Graduated 4.0 top of class, paid masters scholarship which I completed and noe work for one of the big 5. No side projects but did have an internship which was required for my degree.
All you need is to actually have an interest in computers and not be a brainlet. Most people fail because they just couldn't be bothered to show up to class or do assignments. That's it. Hell even brainlets could pass they class if they just read lecture notes and slides.
Isaiah Rivera
You can learn by watching too
Luke Turner
>thinks he's hot shit because he regurgitated exactly what the courses needed >thinks he's a good programmer
In all likehood you are a garbage programmer because you didn't do any more research/study than the bare minimum they threw at you.
Nicholas Murphy
>that seething projection Sorry you're a brainlet that couldn't make it.
Never said I was good senpai. Don't care to be, I have no issues doing my job and I make bank and that's fine with me.
My point was the bare minimum is all you need to succeed and most people don't even do that. That's the issue with zoomers and milennials.
Cameron Cook
Zoomers, also known as Millennials, have very short attention spans, so, no: they tend to be bad at programming.
Jordan Perez
Holy shit you massive faggots, has it never occurred to anyone that maybe the most effective way to learn something is a COMBINATION of different mediums, why limit yourself to one resource when there's so much out there? Obviously reading books is necessary for higher level concepts but anyone shitting on others for introducing themselves to a language through an online tutorial is just being bitter. Tutorials help me with basic introductions to language and books help me clean up bad habits and learn more advanced concepts.
Juan Roberts
>kids these days Ok.
Exactly, people learn differently. I've never read a programming book, I just use the language reference, library references, and others code.

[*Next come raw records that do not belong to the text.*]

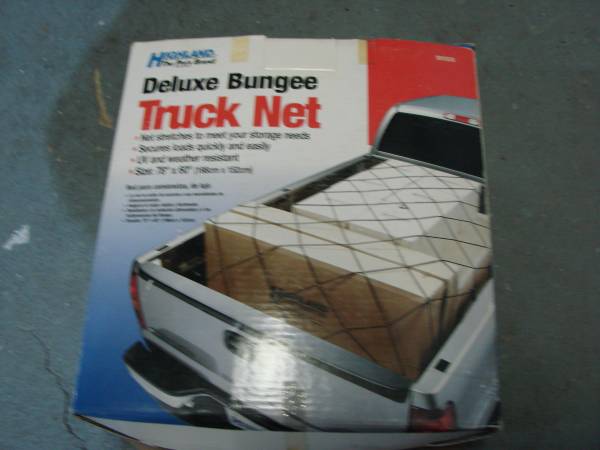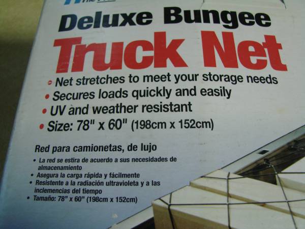 This Highland (the pro’s brand) deluxe bungee truck net is made by Joubert. It will Safely secure cargo in the back of your pick-up truck Measures 60 inch X 78 inch. Includes net, mounting hardware & instructions. The Package Dimensions: Measures 3 inch in width, 13.75 inch in length and 9.75 inch in height.
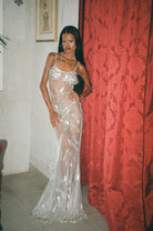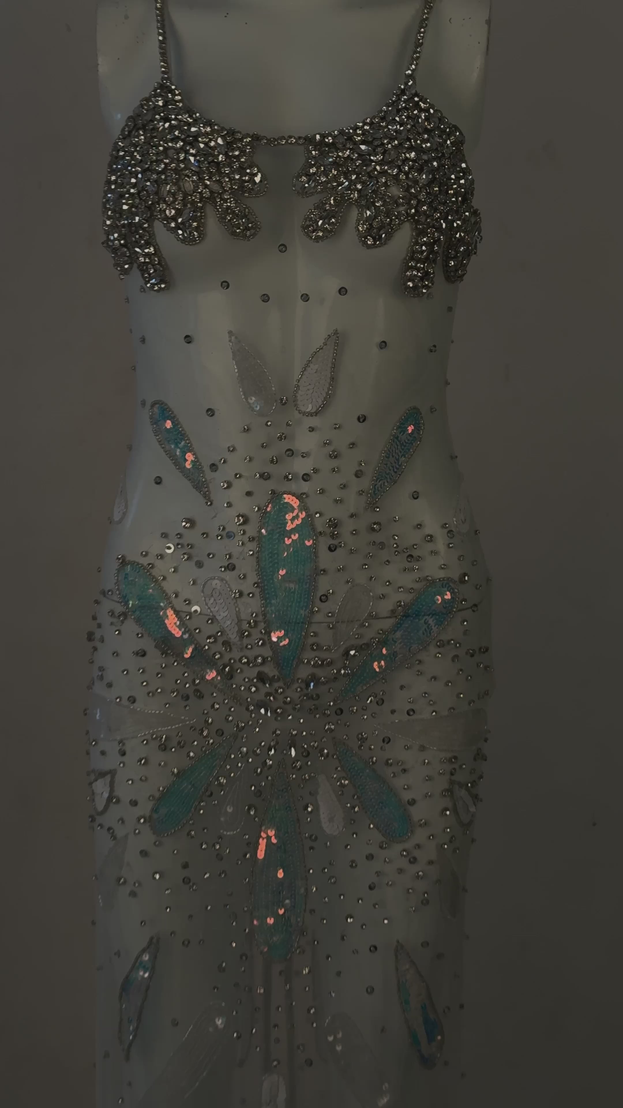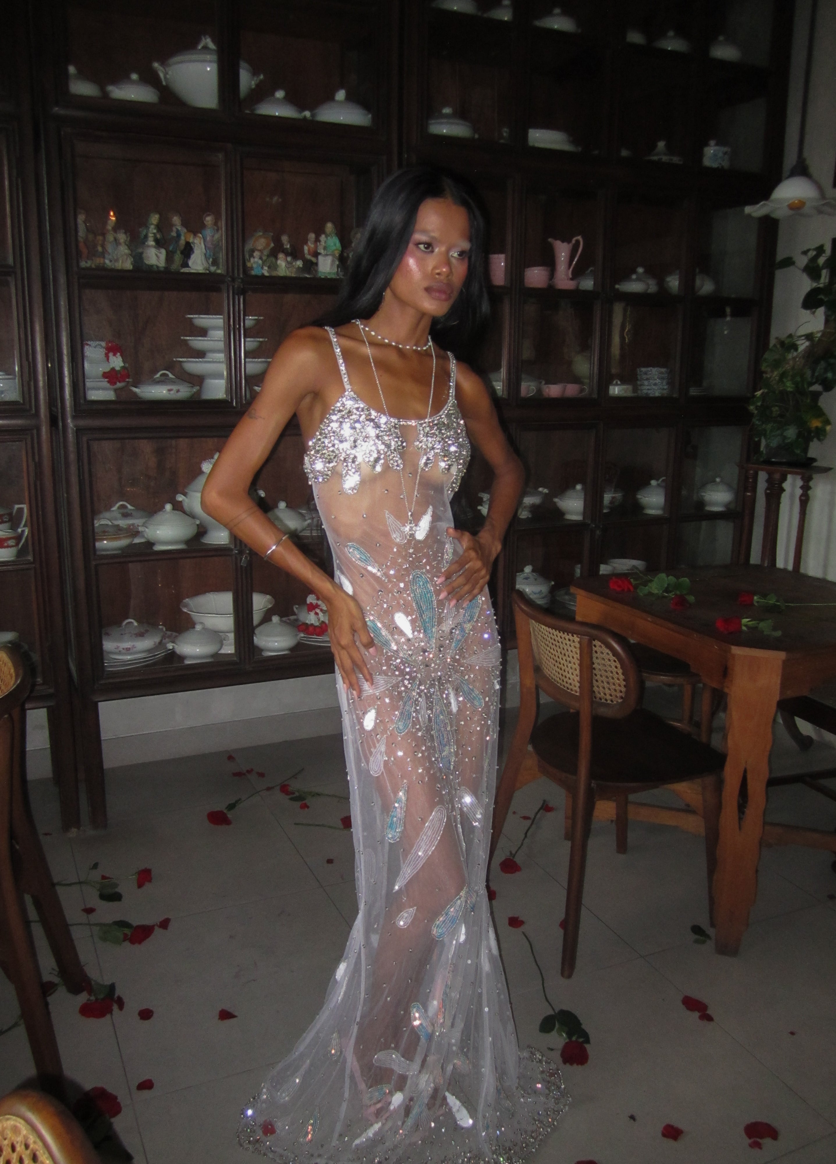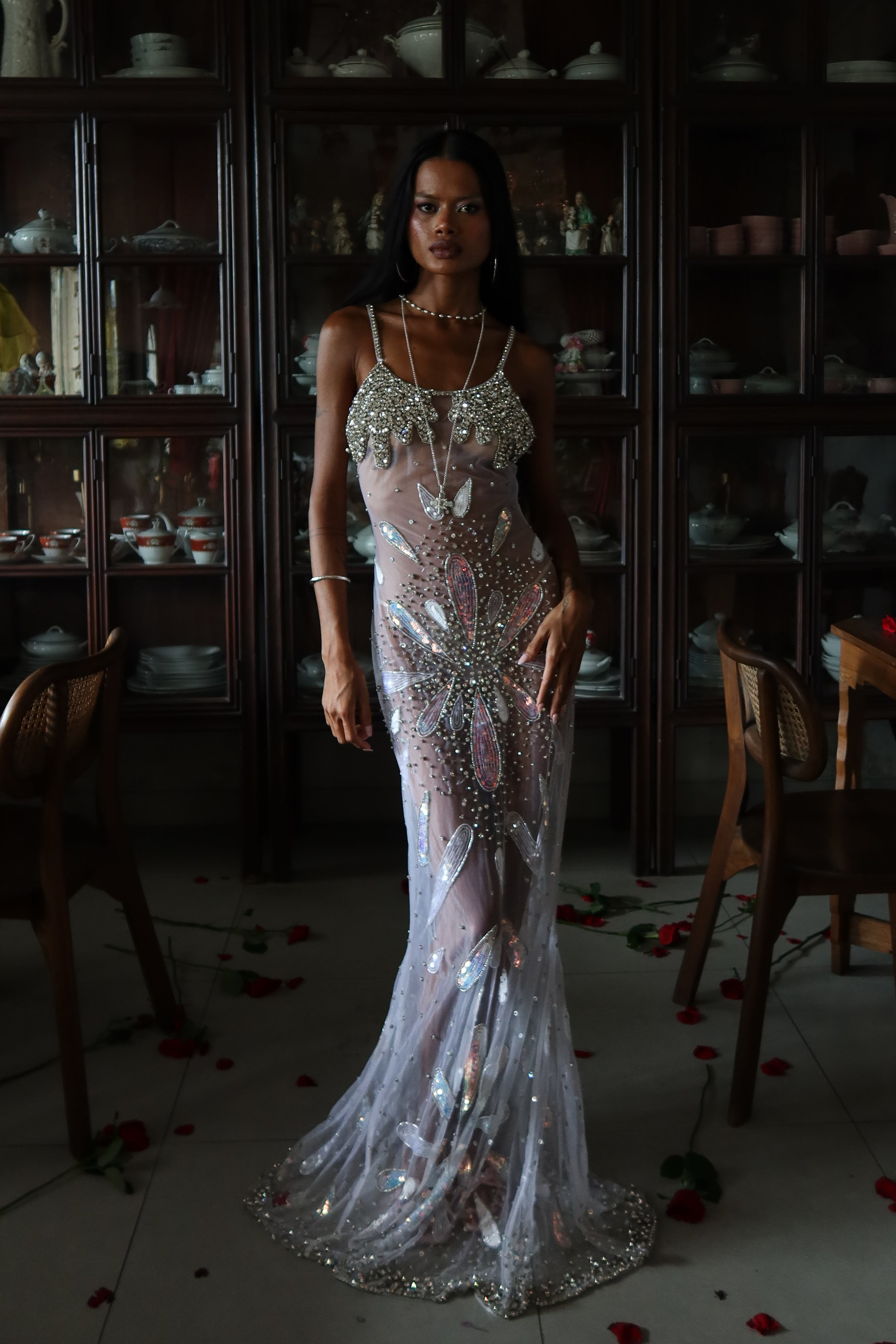 A second-skin illusion made for moonlit moments and impossible beauty.Please note, due to the intricate nature of the hand-sewn embellishment and the use of thousands of individually applied beads, it is normal for a small number of beads to loosen during transit. This is a natural characteristic of artisanal craftsmanship and does not affect the integrity, beauty, or appearance of the piece, which will arrive as pictured.
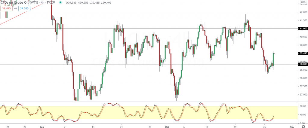 However, oil prices have a lot of ground to catch up to. For the moment, the short term swing low near the 39.65 level could act as resistance.
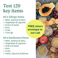 - Reactions to 120 items (60 Allergy items & 60 Intolerance items)
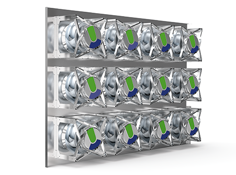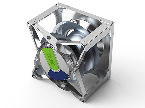 Extremt kort och kompakt inbyggnadsmodul med högsta systemverkningsgrad. Speciellt utvecklad motor- och fläkthjulsenhet. Fri från aerodynamisk obstruktion i insugsdel.
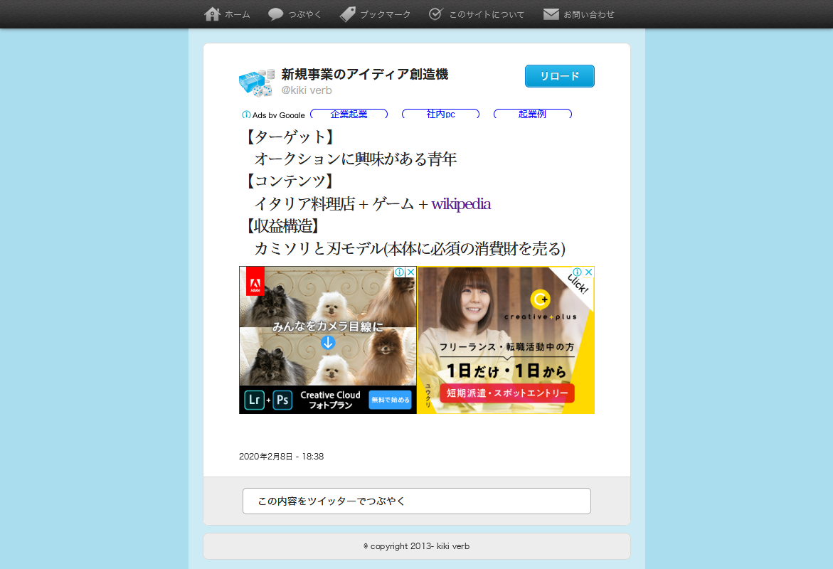 そういったときに脳を刺激するようなサービス、「サービスのアイディアを浮かばせるためのサービス」が欲しいと思い作成致しました。
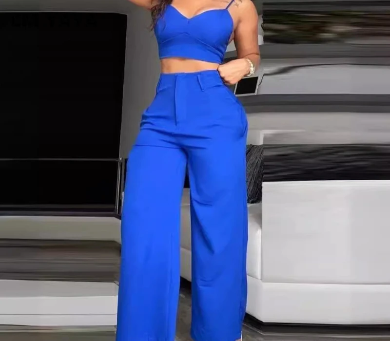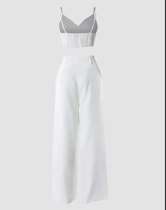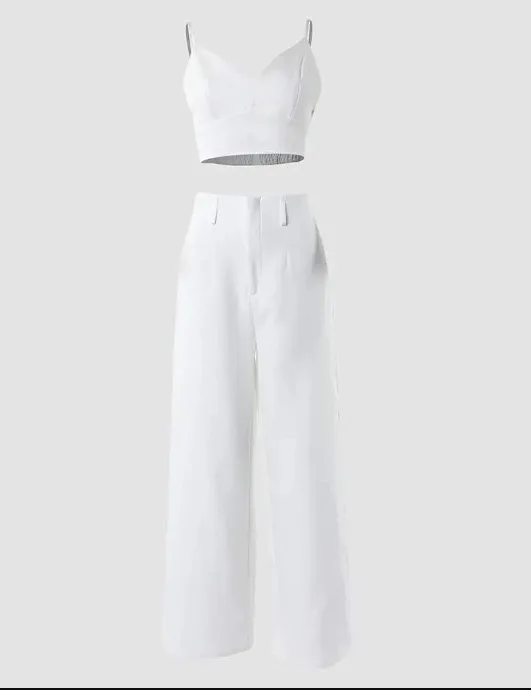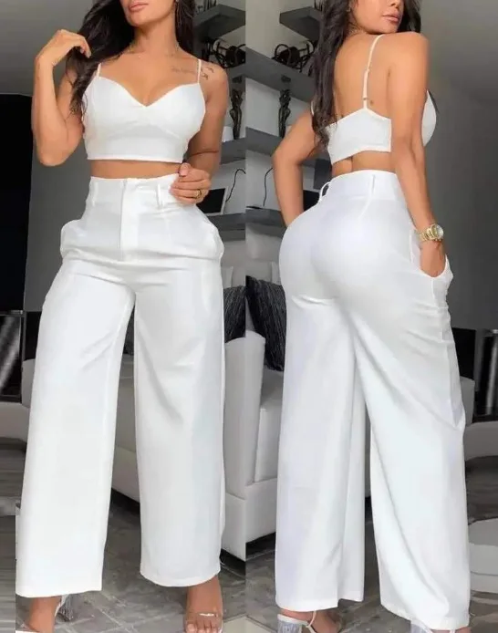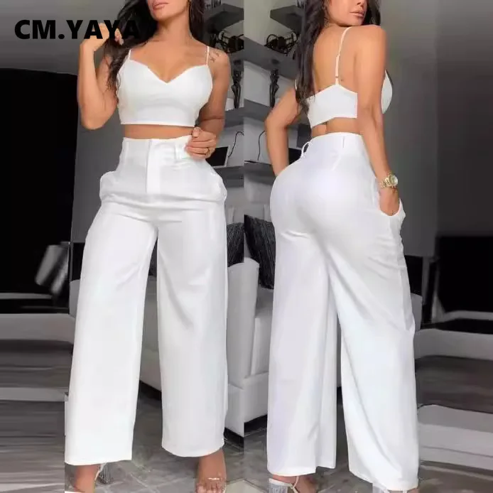 CM.YAYA Fashion Women’s Set Spaghetti Strap V-neck Crop Top and Wide Leg Pants 2024 Party Two 2 Piece Sets Outfits Tracksuit
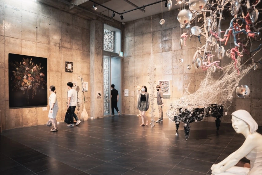 먼저, 실내공간인 현대미술관부터 소개하고자 한다. 총 3개의 관 중, 제 1관에서는 키네틱 아트 작품과 설치미술, 조각 등 여러 작가의 작품을 함께 전시하고 있다. 작품을 조종해보기도, 연주하며 함께 사진을 찍어 완성해보기도 하는 등 관객들이 참여할 수 있는 작품들을 만나볼 수 있다.
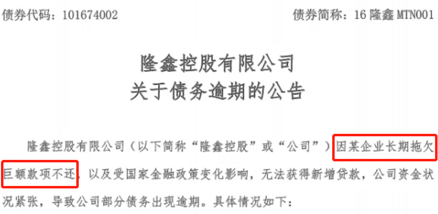 但是涂建华始终没说究竟是谁欠钱不还,隆鑫的公告里也只敢写是“某企业”。
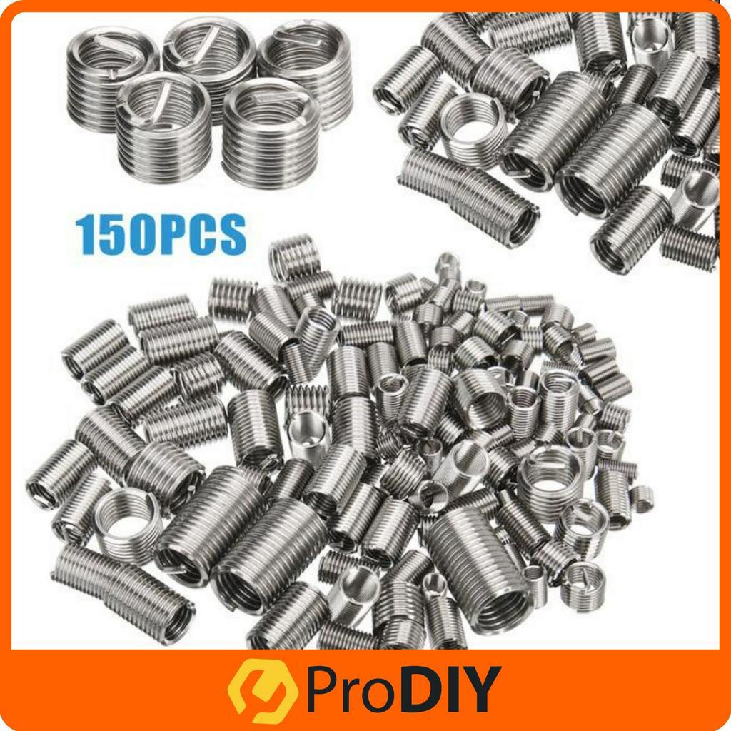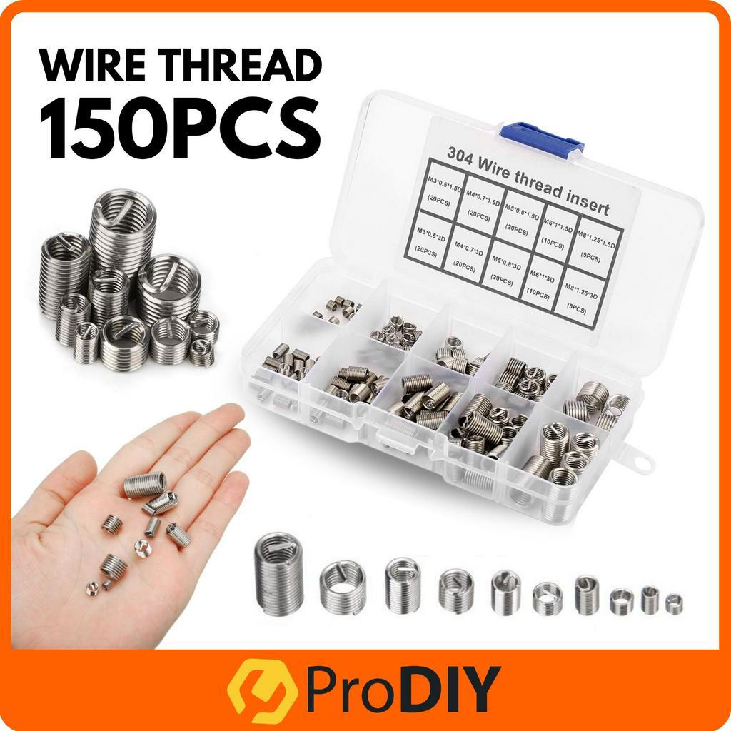 PRODIY 150PCS Wire Thread Insert Thread Repair Kit Threaded Insert Helicoil Set Stainless Steel Helicoil M8 M6 M5 M4 M3
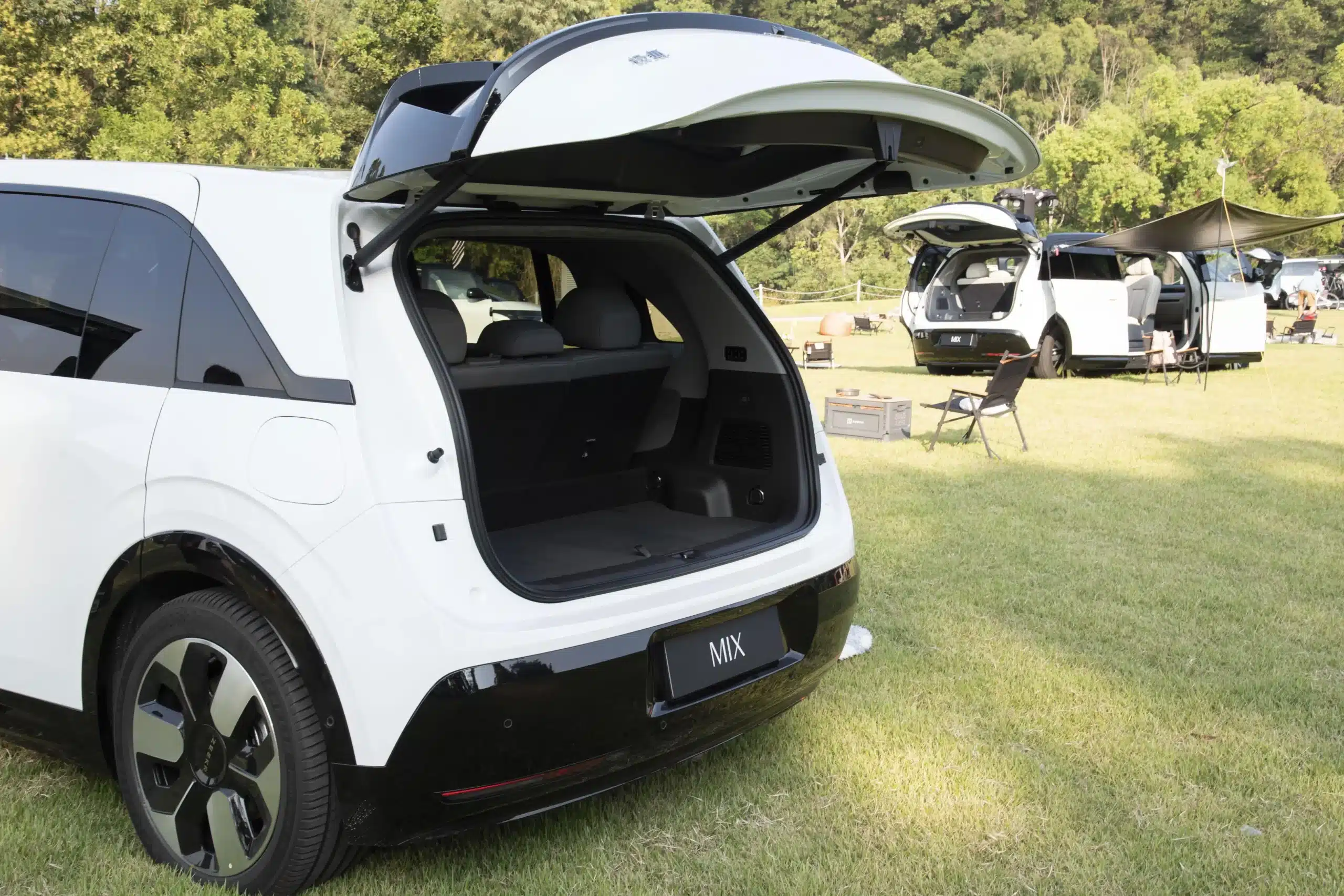 The side profile of the Zeekr MIX is rounded, with a hidden double B-pillar electric split door design, electric exterior mirrors (with heating/electric folding/memory/automatic flip when reversing), semi-hidden exterior door handles (with smart micro switches) and four-door electric release switches (with emergency unlocking function). The new car has a large triangular window behind the A-pillar, and the second/third row and rear windows are equipped with privacy glass.
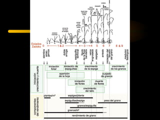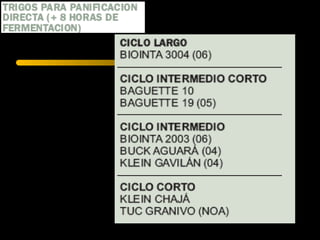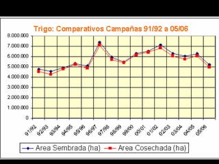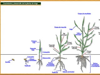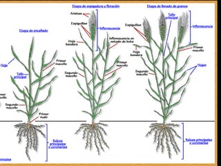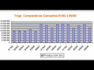 El documento proporciona información sobre el cultivo de trigo. Detalla las especies de trigo, sus características morfológicas como la inflorescencia y las flores, y provee estadísticas sobre la producción, exportación e importación mundial de trigo. Argentina es uno de los principales exportadores mundiales de trigo, representando alrededor del 9% de las exportaciones totales. Las principales provincias productoras de trigo en Argentina son Buenos Aires, Córdoba y Entre Ríos.
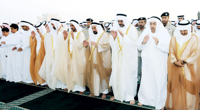 وعقب صلاة العيد ، تبادل صاحب السمو حاكم الشارقة التهاني بهذه المناسبة الإسلامية الكريمة مع مهنئيه من الشيوخ وكبار المسؤولين ووجهاء واعيان البلاد والمواطنين والمقيمين من أبناء الجاليات العربية والإسلامية.

I've read alot of articles (not tutorials) about specific topics and different languages but to me books are a waste of time because I'm not interested in programming exercises because I'm not a programmer.
Luis Nguyen
>hurrr computers are magic, just use all this abstractions and don't think about it fuck MIT lispers, seriously
Aiden Perry
>Boomers, also known as millennials. FTFY, boomer.
Ian Collins
Kids care less about how computers work because the abstraction now reaches babel tower proportions. Only oldfags can make sense of all the way from top to down, and only if they lived through the period as abstractions got piled on. A lot of boomers just gave up and opted to be stuck in the pat (C zealotry, Rust zealotry etc).
Doesn't mean all those javascript monkeys are entirely useless. The market itself is always adapting for the easiest mode of production, and throwing more abstraction and hardware at problems is definitely it.
(cue electron instead of native apps)
Brayden Evans
fdskljfdkjhlkjdsahflkzhjx
Brody Sanders
While it's true most programming learning isn't from books, who the hell looks down on that? Gen Z here. Learned from online versions of books, tutorial pages, and documentation, like the python docs and tutorialspoint for C, etc. Not videos.